不涉及自定义就以SCRAPY默认的格式为例
spider return
的东西需要什么样的格式?
dict?{a:1,b:2,.....}
还是[{a:1,aa:11},{b:2,bb:22},{......}]
return
的东西传去哪了?
是不是下面代码的item?
class pipeline :
def process_item(self, item, spider):
我真的是很菜,但是我很想学希望能得到各位老师的帮助!下面是我的代码,希望能指出缺点
spider:
# -*- coding: utf-8 -*-
import scrapy
from pm25.items import Pm25Item
import re
class InfospSpider(scrapy.Spider):
name = "infosp"
allowed_domains = ["pm25.com"]
start_urls = ['http://www.pm25.com/rank/1day.html', ]
def parse(self, response):
item = Pm25Item()
re_time = re.compile("\d+-\d+-\d+")
date = response.xpath("/html/body/p[4]/p/p/p[2]/span").extract()[0] #单独解析出DATE
# items = []
selector = response.selector.xpath("/html/body/p[5]/p/p[3]/ul[2]/li") #从response里确立解析范围
for subselector in selector: #通过范围逐条解析
try: #防止[0]报错
rank = subselector.xpath("span[1]/text()").extract()[0]
quality = subselector.xpath("span/em/text()")[0].extract()
city = subselector.xpath("a/text()").extract()[0]
province = subselector.xpath("span[3]/text()").extract()[0]
aqi = subselector.xpath("span[4]/text()").extract()[0]
pm25 = subselector.xpath("span[5]/text()").extract()[0]
except IndexError:
print(rank,quality,city,province,aqi,pm25)

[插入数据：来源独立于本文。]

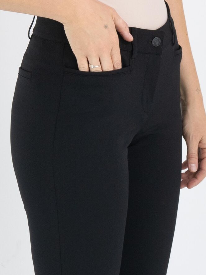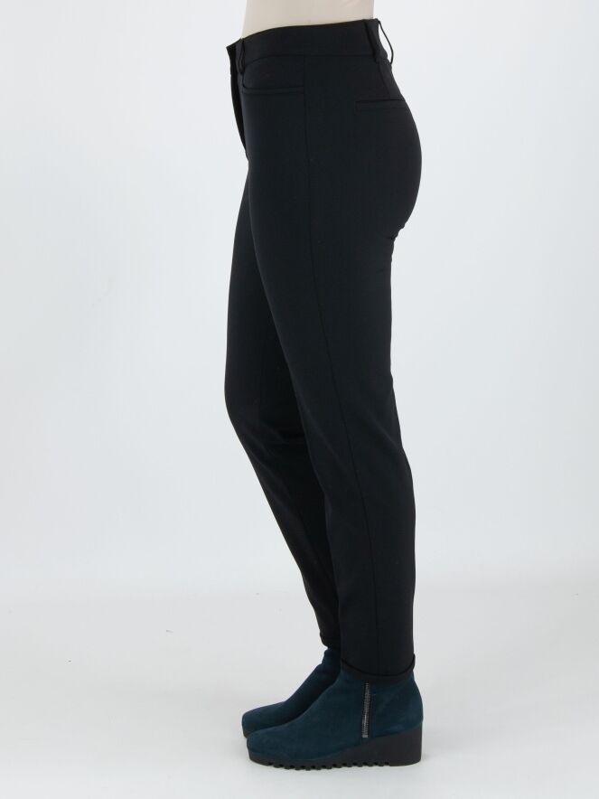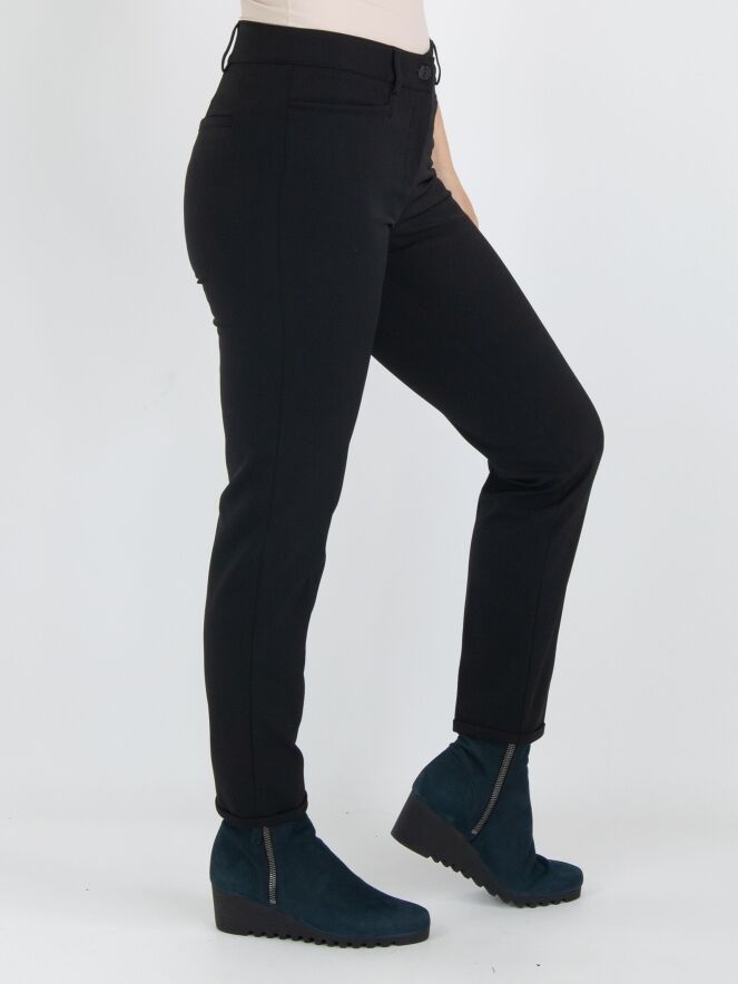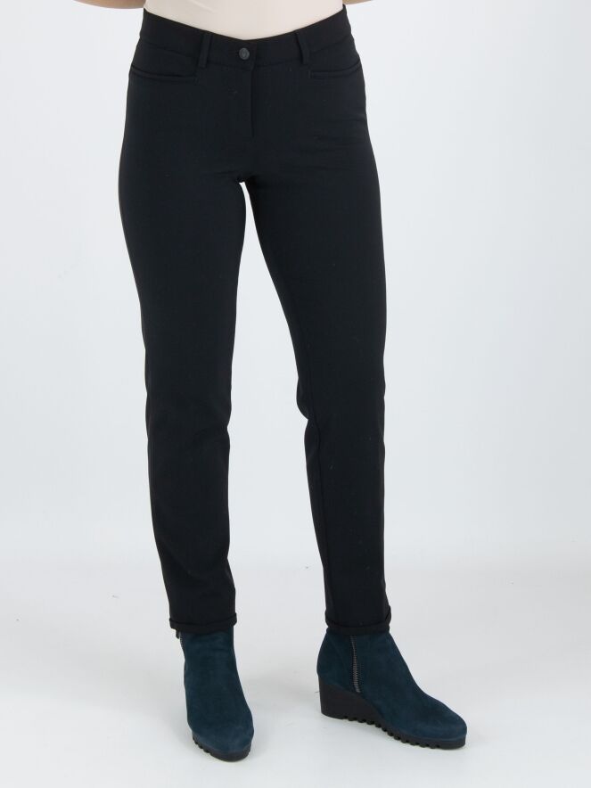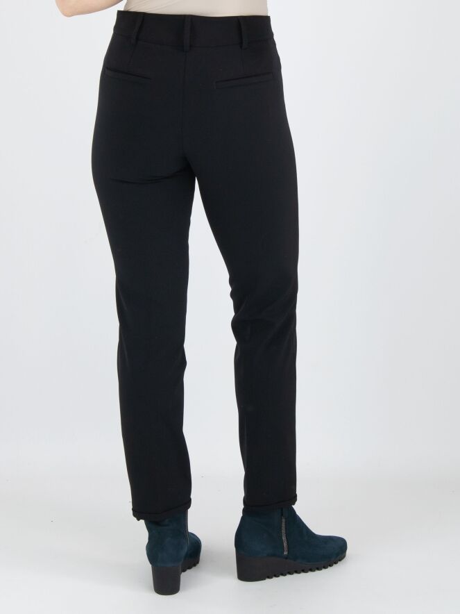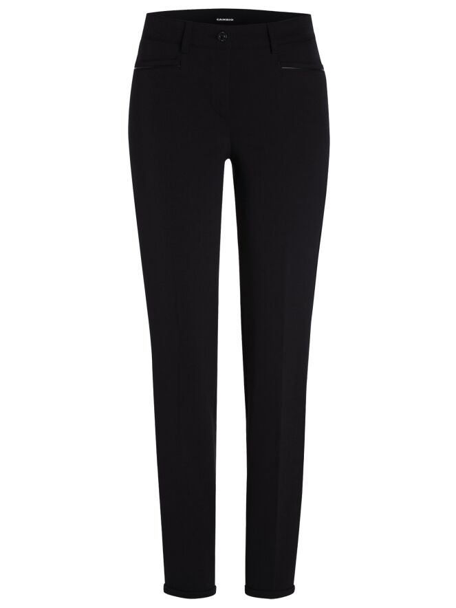 Een broek van het merk Cambio in de kleur zwart. Langs de rand van de zakken aan de voorzijde is een smalle bies van imitatie leder. Aan de uiteinden van de pijpen is een korte omslag van 2 cm. Deze broek mag op 30 graden worden gewassen.
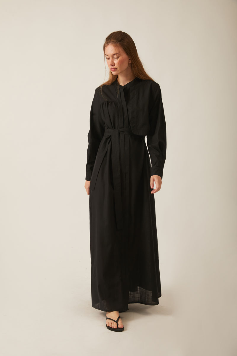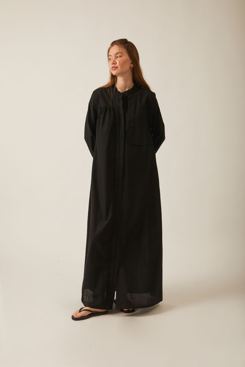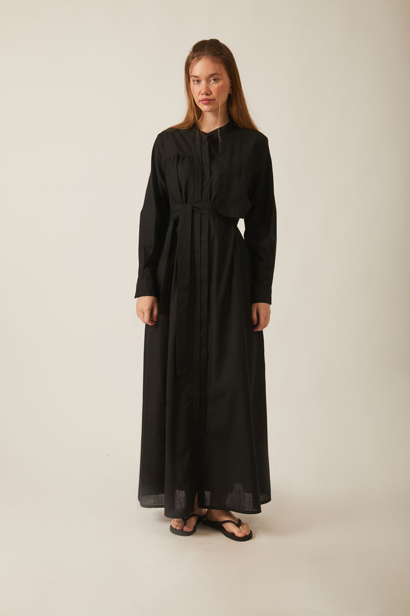 Asimetrik Düğmeli Elbise Siyah, Şıklık ve rahatlığı bir araya getiren bu flamlı keten elbise ile doğal dokuların ferahlığını hissedin. Otantik görünümünü modern bir tasarımla buluşturuyor. Gün boyu konforlu bir kullanım sunar. Vücuda oturmayan rahat kesimi, hareket özgürlüğü sağlarken, belindeki kendi kumaşından kuşağı ile istenilen şekilde bele oturarak zarif bir silüet oluşturur.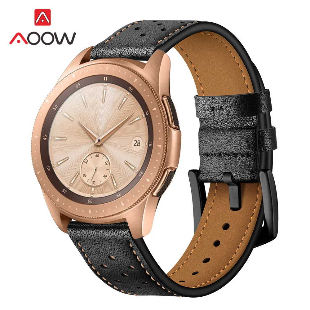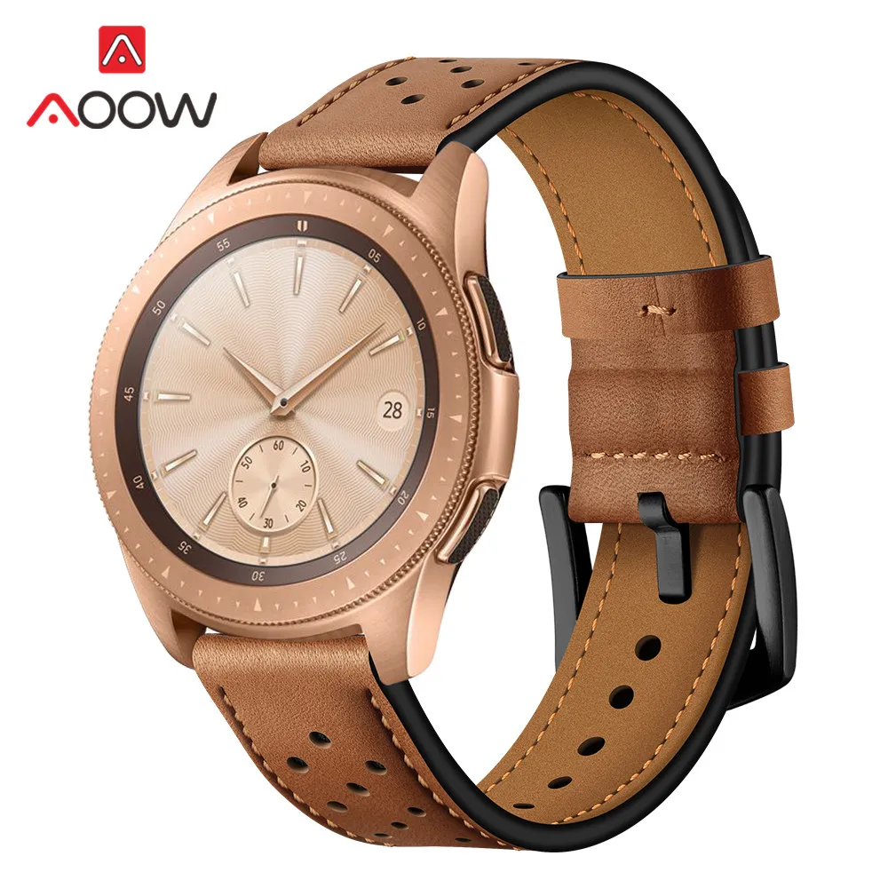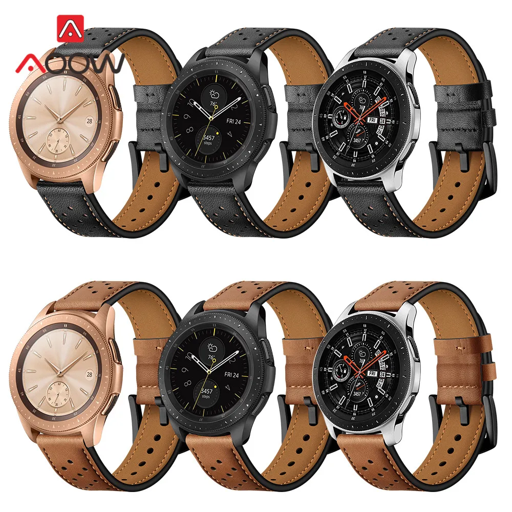 Achat Meilleur 20mm 22mm Véritable Bracelet En Cuir pour Samsung Galaxy Montre 42mm 46mm version Noir Brun Trous Remplacement bracelet Sangle Bande Pas Cher Prix.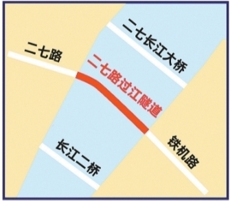 二七路过江通道位于武汉长江二桥和二七长江大桥之间,过江隧道采取单洞上下双层公路,盾构外径15.5米,这是国内在建直径最大的盾构隧道。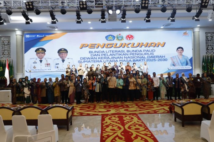 Pengukuhan dilakukan oleh Ketua Bunda PAUD, Bunda Literasi sekaligus Ketua Dekranasda Provinsi Sumatera Utara, Ny Kahiyang Ayu Dewi Bobby Nasution.

item['date'] = re_time.findall(date)[0]
item['rank'] = rank
item['quality'] = quality
item['province'] = city
item['city'] = province
item['aqi'] = aqi
item['pm25'] = pm25
# items.append(item)
yield item #这里不懂该怎么用,出来的是什么格式,
#有的教程会return items,所以希望能得到指点
pipeline:
import time
class Pm25Pipeline(object):
def process_item(self, item, spider):
today = time.strftime("%y%m%d",time.localtime())
fname = str(today) + ".txt"
with open(fname,"a") as f:
for tmp in item: #不知道这里是否写的对,
#个人理解是spider return出来的item是yiled dict
#[{a:1,aa:11},{b:2,bb:22},{......}]
f.write(tmp["date"] + '\t' +
tmp["rank"] + '\t' +
tmp["quality"] + '\t' +
tmp["province"] + '\t' +
tmp["city"] + '\t' +
tmp["aqi"] + '\t' +
tmp["pm25"] + '\n'
)
f.close()
return item
items:
import scrapy
class Pm25Item(scrapy.Item):
# define the fields for your item here like:
# name = scrapy.Field()
date = scrapy.Field()
rank = scrapy.Field()
quality = scrapy.Field()
province = scrapy.Field()
city = scrapy.Field()
aqi = scrapy.Field()
pm25 = scrapy.Field()
pass
部分运行报错代码:
Traceback (most recent call last):
File "d:\python35\lib\site-packages\twisted\internet\defer.py", line 653, in _runCallbacks
current.result = callback(current.result, *args, **kw)
File "D:\pypro\pm25\pm25\pipelines.py", line 23, in process_item
tmp["pm25"] + '\n'
TypeError: string indices must be integers
2017-04-03 10:23:14 [scrapy.core.scraper] ERROR: Error processing {'aqi': '30',
'city': '新疆',
'date': '2017-04-02',
'pm25': '13 ',
'province': '伊犁哈萨克州',
'quality': '优',
'rank': '357'}
Traceback (most recent call last):
File "d:\python35\lib\site-packages\twisted\internet\defer.py", line 653, in _runCallbacks
current.result = callback(current.result, *args, **kw)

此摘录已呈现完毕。